Description of the task
Pictures appear among the records below and must be omitted. Repeat exactly the lines from the line with "Los galos Yoann" to the line with "The bowed back", both included.

Records provided
- - - - - - -

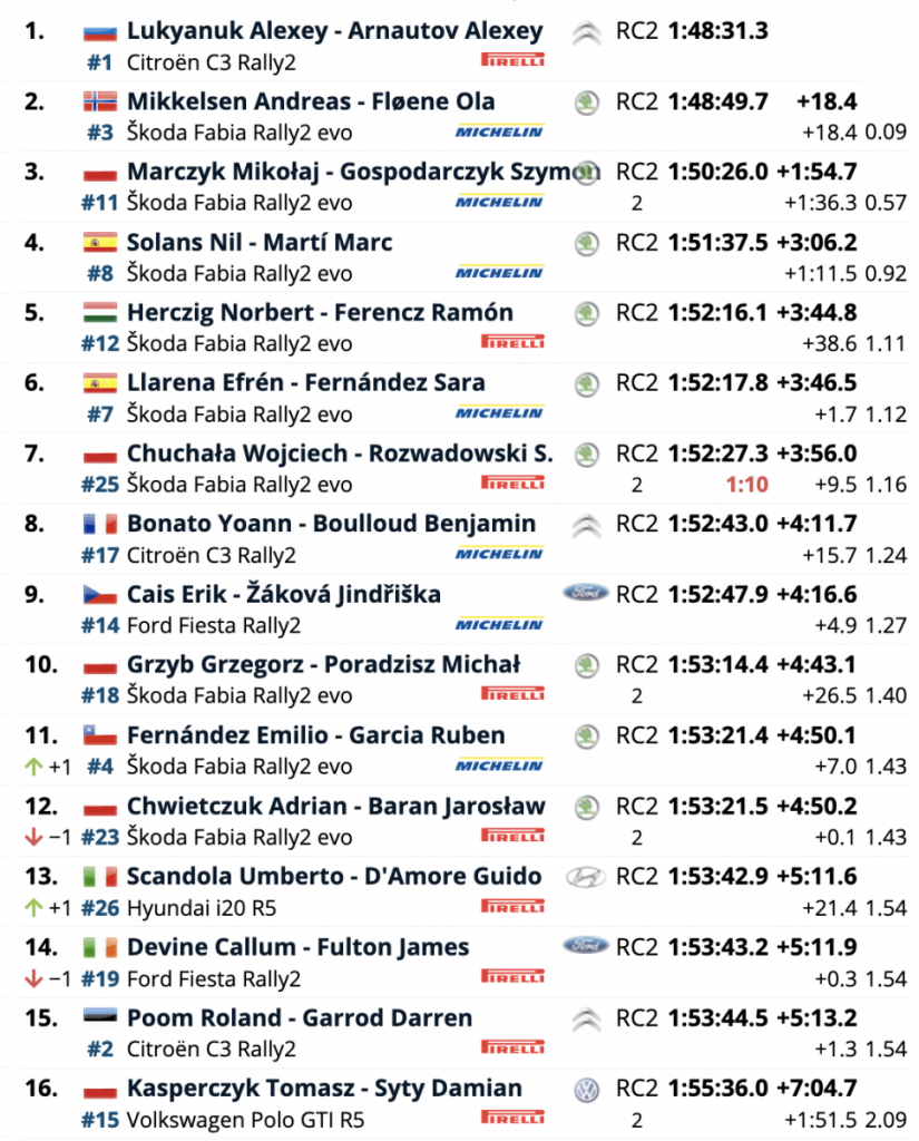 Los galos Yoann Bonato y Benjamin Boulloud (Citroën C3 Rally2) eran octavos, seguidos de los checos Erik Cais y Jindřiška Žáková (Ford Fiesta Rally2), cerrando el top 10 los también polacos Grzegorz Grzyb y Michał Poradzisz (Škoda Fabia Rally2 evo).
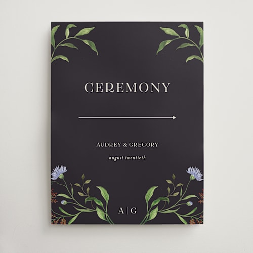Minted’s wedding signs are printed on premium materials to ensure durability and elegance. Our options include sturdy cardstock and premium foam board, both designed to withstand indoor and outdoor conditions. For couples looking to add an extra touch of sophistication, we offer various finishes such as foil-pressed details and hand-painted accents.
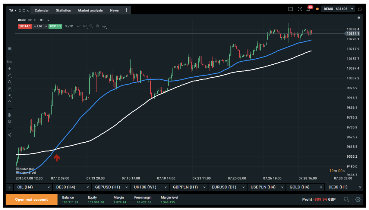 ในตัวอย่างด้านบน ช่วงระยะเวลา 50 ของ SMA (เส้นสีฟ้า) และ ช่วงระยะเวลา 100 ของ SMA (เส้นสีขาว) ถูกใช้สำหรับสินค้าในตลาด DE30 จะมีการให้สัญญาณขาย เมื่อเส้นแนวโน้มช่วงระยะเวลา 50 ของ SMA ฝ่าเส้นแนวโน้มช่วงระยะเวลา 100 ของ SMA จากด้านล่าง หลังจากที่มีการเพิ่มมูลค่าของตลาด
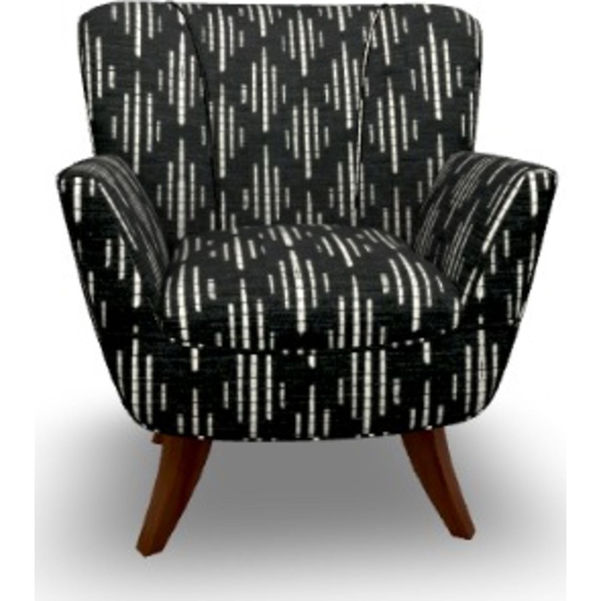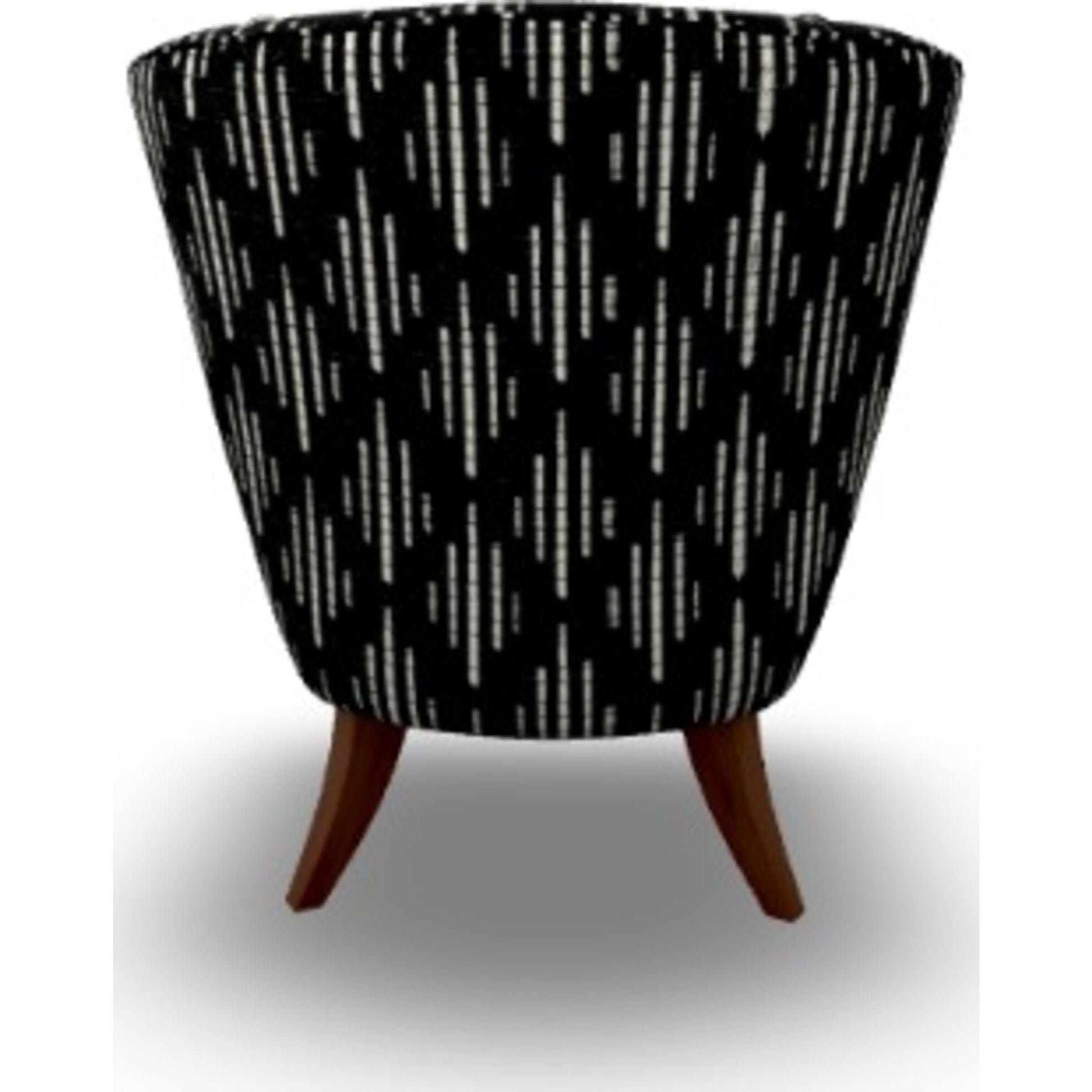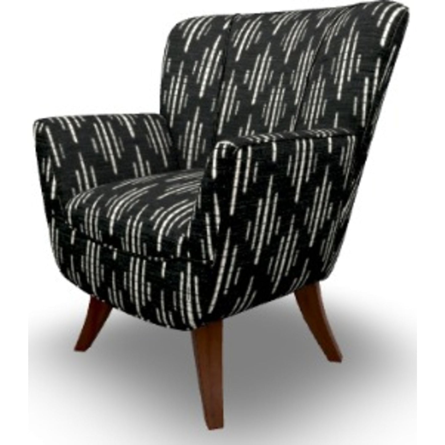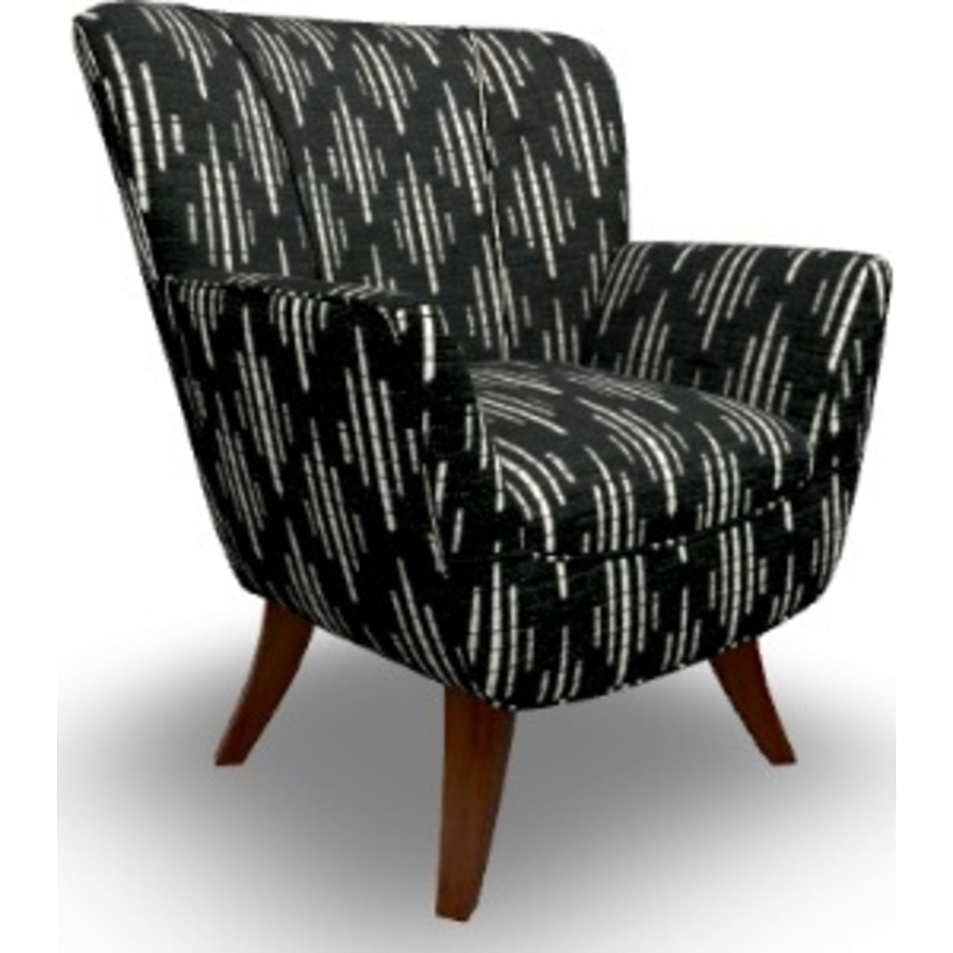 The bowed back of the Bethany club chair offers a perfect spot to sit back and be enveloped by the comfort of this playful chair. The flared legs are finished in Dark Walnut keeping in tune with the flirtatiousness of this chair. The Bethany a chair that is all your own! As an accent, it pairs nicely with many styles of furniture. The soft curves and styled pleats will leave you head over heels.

- - - - - - -

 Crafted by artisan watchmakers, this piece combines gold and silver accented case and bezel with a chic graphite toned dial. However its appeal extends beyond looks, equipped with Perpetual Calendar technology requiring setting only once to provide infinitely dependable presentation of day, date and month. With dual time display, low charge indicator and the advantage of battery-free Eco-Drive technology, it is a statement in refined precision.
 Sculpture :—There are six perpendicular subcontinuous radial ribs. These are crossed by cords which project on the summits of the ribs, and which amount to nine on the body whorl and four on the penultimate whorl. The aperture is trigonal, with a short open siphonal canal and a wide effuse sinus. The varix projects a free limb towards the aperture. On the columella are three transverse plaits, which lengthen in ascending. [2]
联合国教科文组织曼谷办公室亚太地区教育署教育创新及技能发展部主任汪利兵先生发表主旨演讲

- - - - - - -

Answer to the exercise
 Los galos Yoann Bonato y Benjamin Boulloud (Citroën C3 Rally2) eran octavos, seguidos de los checos Erik Cais y Jindřiška Žáková (Ford Fiesta Rally2), cerrando el top 10 los también polacos Grzegorz Grzyb y Michał Poradzisz (Škoda Fabia Rally2 evo).
Minted’s wedding signs are printed on premium materials to ensure durability and elegance. Our options include sturdy cardstock and premium foam board, both designed to withstand indoor and outdoor conditions. For couples looking to add an extra touch of sophistication, we offer various finishes such as foil-pressed details and hand-painted accents.
 ในตัวอย่างด้านบน ช่วงระยะเวลา 50 ของ SMA (เส้นสีฟ้า) และ ช่วงระยะเวลา 100 ของ SMA (เส้นสีขาว) ถูกใช้สำหรับสินค้าในตลาด DE30 จะมีการให้สัญญาณขาย เมื่อเส้นแนวโน้มช่วงระยะเวลา 50 ของ SMA ฝ่าเส้นแนวโน้มช่วงระยะเวลา 100 ของ SMA จากด้านล่าง หลังจากที่มีการเพิ่มมูลค่าของตลาด
 The bowed back of the Bethany club chair offers a perfect spot to sit back and be enveloped by the comfort of this playful chair. The flared legs are finished in Dark Walnut keeping in tune with the flirtatiousness of this chair. The Bethany a chair that is all your own! As an accent, it pairs nicely with many styles of furniture. The soft curves and styled pleats will leave you head over heels.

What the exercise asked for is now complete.